This Notice is issued by GDI Property and GDI Funds Management Limited (ACN 107 354 003, AFSL 253 142), the responsible entity of GDI Trust.
Clause 9.1 of Schedule 2 and clause 10.1 of Schedule 1 of the respective Constitutions of GDI Property and the GDI Trust provide that a meeting of members of GDI Property and unitholders of GDI Trust may be held in conjunction with each other while stapling of the shares in GDI Property to the units in the GDI Trust applies. Accordingly, where applicable, the meeting will be a Meeting of Securityholders of both GDI Property and GDI Trust (together, GDI ).

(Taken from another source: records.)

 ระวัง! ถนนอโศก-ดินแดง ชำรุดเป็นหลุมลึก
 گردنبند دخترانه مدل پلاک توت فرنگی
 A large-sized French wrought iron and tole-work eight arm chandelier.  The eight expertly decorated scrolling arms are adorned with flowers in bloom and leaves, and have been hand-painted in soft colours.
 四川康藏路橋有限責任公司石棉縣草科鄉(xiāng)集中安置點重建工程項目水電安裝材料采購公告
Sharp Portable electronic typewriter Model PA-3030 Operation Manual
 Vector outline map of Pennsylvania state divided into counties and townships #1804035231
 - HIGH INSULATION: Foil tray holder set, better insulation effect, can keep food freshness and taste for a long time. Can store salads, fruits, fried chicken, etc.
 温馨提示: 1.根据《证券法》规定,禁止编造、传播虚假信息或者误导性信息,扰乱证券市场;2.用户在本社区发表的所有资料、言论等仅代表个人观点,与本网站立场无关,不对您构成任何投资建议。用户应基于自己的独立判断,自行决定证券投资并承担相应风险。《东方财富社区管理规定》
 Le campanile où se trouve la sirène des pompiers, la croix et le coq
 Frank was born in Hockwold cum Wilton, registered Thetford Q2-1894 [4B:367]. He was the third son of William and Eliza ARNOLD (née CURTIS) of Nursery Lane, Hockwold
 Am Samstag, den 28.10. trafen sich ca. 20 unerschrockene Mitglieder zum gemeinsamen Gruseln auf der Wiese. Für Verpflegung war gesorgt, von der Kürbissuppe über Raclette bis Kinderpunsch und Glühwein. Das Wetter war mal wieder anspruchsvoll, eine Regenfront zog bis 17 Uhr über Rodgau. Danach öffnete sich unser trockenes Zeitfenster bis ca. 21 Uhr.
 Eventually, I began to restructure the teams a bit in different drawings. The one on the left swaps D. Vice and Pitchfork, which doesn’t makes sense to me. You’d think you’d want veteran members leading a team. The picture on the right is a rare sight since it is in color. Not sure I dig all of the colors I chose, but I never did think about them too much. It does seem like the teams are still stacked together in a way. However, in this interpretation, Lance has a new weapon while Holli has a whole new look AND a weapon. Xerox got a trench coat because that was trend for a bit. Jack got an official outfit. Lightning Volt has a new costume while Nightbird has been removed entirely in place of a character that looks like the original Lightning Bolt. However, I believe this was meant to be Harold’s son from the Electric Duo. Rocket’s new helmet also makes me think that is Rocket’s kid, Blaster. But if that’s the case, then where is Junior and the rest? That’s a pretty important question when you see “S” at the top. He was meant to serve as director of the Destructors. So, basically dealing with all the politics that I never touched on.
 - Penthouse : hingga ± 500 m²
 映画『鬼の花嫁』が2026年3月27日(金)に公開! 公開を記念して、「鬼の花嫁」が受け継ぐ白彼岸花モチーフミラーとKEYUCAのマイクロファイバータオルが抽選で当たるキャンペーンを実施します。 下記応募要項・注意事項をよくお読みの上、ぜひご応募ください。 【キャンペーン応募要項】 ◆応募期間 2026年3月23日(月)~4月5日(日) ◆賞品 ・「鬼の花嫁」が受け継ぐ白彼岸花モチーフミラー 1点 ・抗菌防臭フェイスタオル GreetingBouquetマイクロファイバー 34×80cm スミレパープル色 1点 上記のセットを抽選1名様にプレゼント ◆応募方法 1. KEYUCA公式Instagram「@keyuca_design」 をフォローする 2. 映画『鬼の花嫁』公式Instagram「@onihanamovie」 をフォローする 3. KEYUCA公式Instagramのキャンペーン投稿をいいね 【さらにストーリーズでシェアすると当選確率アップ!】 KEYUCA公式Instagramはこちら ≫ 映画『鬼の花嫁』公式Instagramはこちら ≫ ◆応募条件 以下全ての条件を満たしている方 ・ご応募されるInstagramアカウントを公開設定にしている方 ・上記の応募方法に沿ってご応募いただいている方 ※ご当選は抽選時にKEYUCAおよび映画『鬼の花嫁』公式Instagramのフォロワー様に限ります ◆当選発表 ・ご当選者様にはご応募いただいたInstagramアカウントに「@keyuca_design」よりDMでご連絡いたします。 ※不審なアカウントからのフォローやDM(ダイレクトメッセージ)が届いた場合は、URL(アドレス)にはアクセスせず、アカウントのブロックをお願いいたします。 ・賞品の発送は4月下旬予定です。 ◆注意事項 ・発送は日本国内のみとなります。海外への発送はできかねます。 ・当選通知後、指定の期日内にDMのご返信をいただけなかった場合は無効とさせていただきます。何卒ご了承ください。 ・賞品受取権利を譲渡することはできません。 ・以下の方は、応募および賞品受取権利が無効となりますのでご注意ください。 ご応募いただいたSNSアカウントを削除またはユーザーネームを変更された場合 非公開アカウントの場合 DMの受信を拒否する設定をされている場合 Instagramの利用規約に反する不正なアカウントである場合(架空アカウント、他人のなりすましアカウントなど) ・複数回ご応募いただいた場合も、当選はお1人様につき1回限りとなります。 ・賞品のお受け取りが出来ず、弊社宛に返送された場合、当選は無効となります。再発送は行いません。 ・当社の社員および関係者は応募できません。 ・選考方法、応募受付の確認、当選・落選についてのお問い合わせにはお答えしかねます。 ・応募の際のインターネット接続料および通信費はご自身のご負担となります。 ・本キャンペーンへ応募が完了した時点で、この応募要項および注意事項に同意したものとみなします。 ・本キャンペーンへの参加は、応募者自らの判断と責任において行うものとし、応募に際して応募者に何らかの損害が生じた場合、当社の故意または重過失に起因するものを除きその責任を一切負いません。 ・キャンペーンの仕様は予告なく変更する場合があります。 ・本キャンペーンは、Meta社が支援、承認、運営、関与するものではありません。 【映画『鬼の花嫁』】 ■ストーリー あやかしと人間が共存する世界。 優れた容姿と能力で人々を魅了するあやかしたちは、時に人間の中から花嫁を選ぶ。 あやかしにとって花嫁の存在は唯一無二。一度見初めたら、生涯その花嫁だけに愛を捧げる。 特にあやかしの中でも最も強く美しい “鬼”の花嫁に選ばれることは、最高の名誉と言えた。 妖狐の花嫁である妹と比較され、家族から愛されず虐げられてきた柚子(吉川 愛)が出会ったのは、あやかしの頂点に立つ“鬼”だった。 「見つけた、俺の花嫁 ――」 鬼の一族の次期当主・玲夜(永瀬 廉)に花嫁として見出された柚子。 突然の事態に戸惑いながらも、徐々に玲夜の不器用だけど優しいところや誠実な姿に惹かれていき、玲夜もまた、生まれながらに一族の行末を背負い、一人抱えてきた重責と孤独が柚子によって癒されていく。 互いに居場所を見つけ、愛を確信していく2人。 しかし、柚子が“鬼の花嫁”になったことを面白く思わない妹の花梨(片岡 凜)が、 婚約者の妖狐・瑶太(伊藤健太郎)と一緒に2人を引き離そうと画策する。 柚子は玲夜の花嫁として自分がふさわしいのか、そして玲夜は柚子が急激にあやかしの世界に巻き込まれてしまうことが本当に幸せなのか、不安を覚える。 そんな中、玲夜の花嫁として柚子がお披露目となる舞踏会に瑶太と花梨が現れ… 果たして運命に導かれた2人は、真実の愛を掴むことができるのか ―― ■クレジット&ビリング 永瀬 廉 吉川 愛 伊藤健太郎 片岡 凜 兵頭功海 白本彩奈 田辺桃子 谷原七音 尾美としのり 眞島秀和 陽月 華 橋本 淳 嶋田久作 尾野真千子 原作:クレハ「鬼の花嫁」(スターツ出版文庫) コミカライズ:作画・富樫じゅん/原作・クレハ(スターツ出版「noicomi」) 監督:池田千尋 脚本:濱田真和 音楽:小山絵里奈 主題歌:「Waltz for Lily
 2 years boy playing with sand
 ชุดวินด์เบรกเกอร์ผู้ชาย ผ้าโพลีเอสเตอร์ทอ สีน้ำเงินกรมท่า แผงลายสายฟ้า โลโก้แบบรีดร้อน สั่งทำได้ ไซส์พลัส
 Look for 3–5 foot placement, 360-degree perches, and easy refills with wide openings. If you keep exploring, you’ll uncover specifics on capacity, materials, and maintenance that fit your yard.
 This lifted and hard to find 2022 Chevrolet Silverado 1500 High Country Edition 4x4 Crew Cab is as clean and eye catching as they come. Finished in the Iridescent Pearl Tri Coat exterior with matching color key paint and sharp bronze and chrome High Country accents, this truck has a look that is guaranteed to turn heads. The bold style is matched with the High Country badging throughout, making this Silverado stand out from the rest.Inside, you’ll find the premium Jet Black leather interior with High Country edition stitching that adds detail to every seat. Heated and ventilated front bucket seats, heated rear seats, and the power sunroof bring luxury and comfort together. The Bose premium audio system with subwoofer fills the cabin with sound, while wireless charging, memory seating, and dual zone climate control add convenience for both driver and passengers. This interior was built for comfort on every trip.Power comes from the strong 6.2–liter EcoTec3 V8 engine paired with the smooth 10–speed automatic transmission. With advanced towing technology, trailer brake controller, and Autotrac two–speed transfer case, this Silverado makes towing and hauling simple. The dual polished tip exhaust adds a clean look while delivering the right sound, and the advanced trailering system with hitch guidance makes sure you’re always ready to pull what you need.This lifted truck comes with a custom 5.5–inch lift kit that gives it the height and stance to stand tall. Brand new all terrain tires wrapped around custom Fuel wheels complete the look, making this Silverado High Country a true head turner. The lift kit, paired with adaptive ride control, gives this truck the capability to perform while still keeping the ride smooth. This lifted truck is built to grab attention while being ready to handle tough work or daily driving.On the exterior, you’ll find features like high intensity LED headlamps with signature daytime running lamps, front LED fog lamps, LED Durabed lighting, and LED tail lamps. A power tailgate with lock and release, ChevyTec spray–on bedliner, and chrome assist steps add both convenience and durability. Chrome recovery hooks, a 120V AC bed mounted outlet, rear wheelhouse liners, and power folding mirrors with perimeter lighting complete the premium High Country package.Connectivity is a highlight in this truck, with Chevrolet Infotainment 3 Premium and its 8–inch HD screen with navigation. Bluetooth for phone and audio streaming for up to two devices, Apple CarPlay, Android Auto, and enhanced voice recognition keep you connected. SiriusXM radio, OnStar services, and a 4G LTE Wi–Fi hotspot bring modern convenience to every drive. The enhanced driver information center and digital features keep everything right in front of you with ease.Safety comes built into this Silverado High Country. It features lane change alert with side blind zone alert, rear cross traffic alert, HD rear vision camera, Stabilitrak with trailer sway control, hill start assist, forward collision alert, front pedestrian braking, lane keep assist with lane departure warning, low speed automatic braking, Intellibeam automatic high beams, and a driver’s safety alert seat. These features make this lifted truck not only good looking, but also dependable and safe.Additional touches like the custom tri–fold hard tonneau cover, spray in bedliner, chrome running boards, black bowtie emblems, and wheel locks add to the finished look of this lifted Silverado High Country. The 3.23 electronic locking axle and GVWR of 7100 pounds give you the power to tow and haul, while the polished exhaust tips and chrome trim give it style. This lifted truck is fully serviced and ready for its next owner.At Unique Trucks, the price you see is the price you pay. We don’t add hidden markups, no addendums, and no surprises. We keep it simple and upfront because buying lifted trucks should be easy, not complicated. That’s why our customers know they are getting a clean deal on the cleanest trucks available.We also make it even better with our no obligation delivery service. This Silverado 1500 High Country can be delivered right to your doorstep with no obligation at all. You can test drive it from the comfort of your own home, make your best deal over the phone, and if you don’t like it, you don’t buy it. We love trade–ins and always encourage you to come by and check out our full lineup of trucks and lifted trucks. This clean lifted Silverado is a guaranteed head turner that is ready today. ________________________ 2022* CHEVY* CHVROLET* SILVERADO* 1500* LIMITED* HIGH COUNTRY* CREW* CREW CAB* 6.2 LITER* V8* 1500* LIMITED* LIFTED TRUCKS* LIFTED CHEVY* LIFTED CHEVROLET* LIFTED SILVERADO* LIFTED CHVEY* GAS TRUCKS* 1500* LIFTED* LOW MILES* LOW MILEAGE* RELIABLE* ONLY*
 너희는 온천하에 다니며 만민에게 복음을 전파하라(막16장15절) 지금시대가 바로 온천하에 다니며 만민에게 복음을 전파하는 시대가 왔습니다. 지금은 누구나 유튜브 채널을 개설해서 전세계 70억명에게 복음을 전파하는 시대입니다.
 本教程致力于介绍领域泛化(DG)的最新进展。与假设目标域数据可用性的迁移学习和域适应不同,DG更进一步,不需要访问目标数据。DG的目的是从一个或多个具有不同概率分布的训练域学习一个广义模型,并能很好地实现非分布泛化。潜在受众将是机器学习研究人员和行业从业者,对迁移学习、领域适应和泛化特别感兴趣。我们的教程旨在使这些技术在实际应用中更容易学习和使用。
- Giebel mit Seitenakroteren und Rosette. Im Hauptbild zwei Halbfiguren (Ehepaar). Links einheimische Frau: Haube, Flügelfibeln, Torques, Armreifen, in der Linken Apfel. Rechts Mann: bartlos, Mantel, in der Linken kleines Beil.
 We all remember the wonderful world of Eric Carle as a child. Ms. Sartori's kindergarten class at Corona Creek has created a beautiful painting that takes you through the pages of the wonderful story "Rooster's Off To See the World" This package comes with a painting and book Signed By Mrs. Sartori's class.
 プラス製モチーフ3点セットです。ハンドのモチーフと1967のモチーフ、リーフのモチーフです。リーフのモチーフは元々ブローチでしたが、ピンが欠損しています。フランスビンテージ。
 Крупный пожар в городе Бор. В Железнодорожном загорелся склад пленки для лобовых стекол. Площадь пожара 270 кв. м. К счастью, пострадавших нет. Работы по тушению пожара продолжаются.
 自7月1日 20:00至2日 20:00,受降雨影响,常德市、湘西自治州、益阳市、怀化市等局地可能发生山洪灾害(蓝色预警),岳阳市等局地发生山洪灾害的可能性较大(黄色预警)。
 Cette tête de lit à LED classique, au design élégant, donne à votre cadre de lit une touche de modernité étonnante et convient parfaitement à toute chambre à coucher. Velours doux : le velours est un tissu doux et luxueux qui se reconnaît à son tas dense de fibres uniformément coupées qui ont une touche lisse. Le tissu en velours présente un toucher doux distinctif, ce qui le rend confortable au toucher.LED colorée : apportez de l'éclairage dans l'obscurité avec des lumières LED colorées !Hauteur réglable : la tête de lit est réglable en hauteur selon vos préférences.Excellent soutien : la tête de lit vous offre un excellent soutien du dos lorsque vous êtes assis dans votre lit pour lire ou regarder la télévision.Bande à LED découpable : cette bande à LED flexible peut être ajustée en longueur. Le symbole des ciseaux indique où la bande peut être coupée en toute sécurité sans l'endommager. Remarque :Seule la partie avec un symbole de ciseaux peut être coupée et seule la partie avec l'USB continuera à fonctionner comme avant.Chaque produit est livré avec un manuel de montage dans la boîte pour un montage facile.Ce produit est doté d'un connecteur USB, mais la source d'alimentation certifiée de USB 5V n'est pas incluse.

The Explanatory Memorandum accompanying this Notice of Meeting provides additional information on the matters to be considered at the Meetings. The Explanatory Memorandum and the Proxy Form are part of this Notice of Meeting.
CONSIDERATION OF REPORTS
The first item of business is to receive and consider the Annual Financial Report, the Directors’ Report, and the Independent Auditor’s Report of GDI Property and its controlled entities for the year ended 30 June 2022 and for GDI Trust and its controlled entities for the year ended 30 June 2022 (the Reports ).
Unless GDI’s Registry has been notified otherwise, Securityholders have not been sent a hard copy of the 2022 Annual Report. All Securityholders can view the 2022 Annual Report which contains the Financial Report for the year ended 30 June 2022 on GDI’s website at www.gdi.com.au/investor‐centre/.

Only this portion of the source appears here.